Alison Goring (born November 15, 1963) is a Canadian curler.

==Career==
===Youth===
As a junior curler, Goring won a gold medal at the 1983 Canada Winter Games and followed that up with a win at the 1983 Canadian Junior Women's Curling Championship. She was also the runner-up at the 1982 Canadian Junior Women's Curling Championship.

===1990–1997===
Goring is a former Canadian champion skip, having won the 1990 Scott Tournament of Hearts.

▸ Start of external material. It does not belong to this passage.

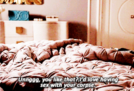 Chanel Oberlin and Chanel #5 are in the freezer arguing after Chanel #2's body is missing. #5 explains that she was bored and went to the freezer to find that #2's corpse disappeared. She also says that the previous night she had an "amazing threesome" with twin brothers Dodger and Roger, and she would rather have sex with them than try to discover who the killer is. #1 is shocked when #5 says that she does not care what happened to #2, because that's #1's problem, and when people start noticing that she is missing they will start snooping about Kappa Kappa Tau. After Chanel #5 leaves the freezer room, #1 screams that she will destroy her.

Goring won her first provincial championship in 1990. Her Ontario rink would with that years' Scott Tournament of Hearts, defeating the Nova Scotia team, skipped by Heather Rankin. Her win gave her the right to represent Canada at the 1990 World Championships. At the 1990 Worlds, they lost to Norway's Dordi Nordby in the semi-final.

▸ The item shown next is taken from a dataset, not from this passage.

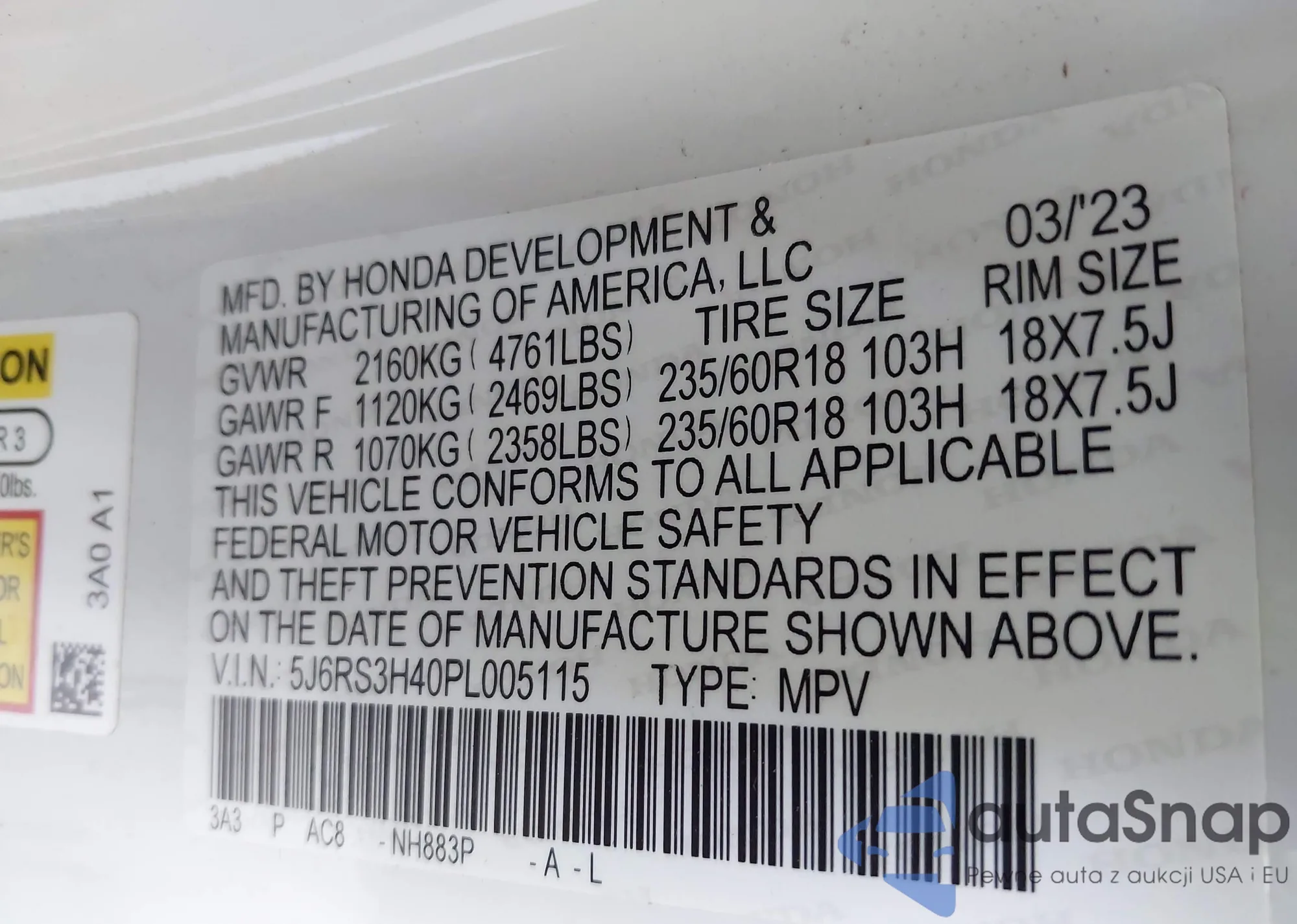 • VIN 5J6RS3H40PL005115

Her Hearts win in 1990 gave her team the right to represent team Canada at the 1991 Scott Tournament of Hearts. At that tournament, her team finished with 6 wins and 5 losses. She returned to the Hearts in 1995, finishing with a 7–4 record, just missing the playoffs. The 1997 Scott Tournament of Hearts was her last to date, losing to Sandra Schmirler's Saskatchewan rink in the final.

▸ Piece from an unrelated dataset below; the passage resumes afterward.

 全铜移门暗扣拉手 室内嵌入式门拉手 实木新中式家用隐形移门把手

Goring's team participated in the 1997 Canadian Olympic Curling Trials, but finished with a 3–6 record.

===2007–current===
Goring has qualified for the 2007, 2008, 2009 and 2011 Ontario Scotties Tournament of Hearts. At the 2007 Ontario Scotties Tournament of Hearts, Goring's team would finish round robin with a 7–2 record, however lost to Sherry Middaugh in the quarter final game. At the 2008 Ontario Scotties Tournament of Hearts, Goring and her team would finish with a 6–3 record, and advance to the semifinal, where she once again would lose to Sherry Middaugh. At the 2009 Ontario Scotties Tournament of Hearts, Goring would finish round robin play with a 5–4 record, winning two tiebreakers, the 3 vs. 4 game and the semifinal. Her team's winning streak would come to an end in the final, where she lost to Krista McCarville. Goring's team would not qualify for the provincials in 2010, however she would qualify out of the A side in Regionals advancing to the 2011 Ontario Scotties Tournament of Hearts. Her team would not find success there, finishing round robin with a 2–7 record.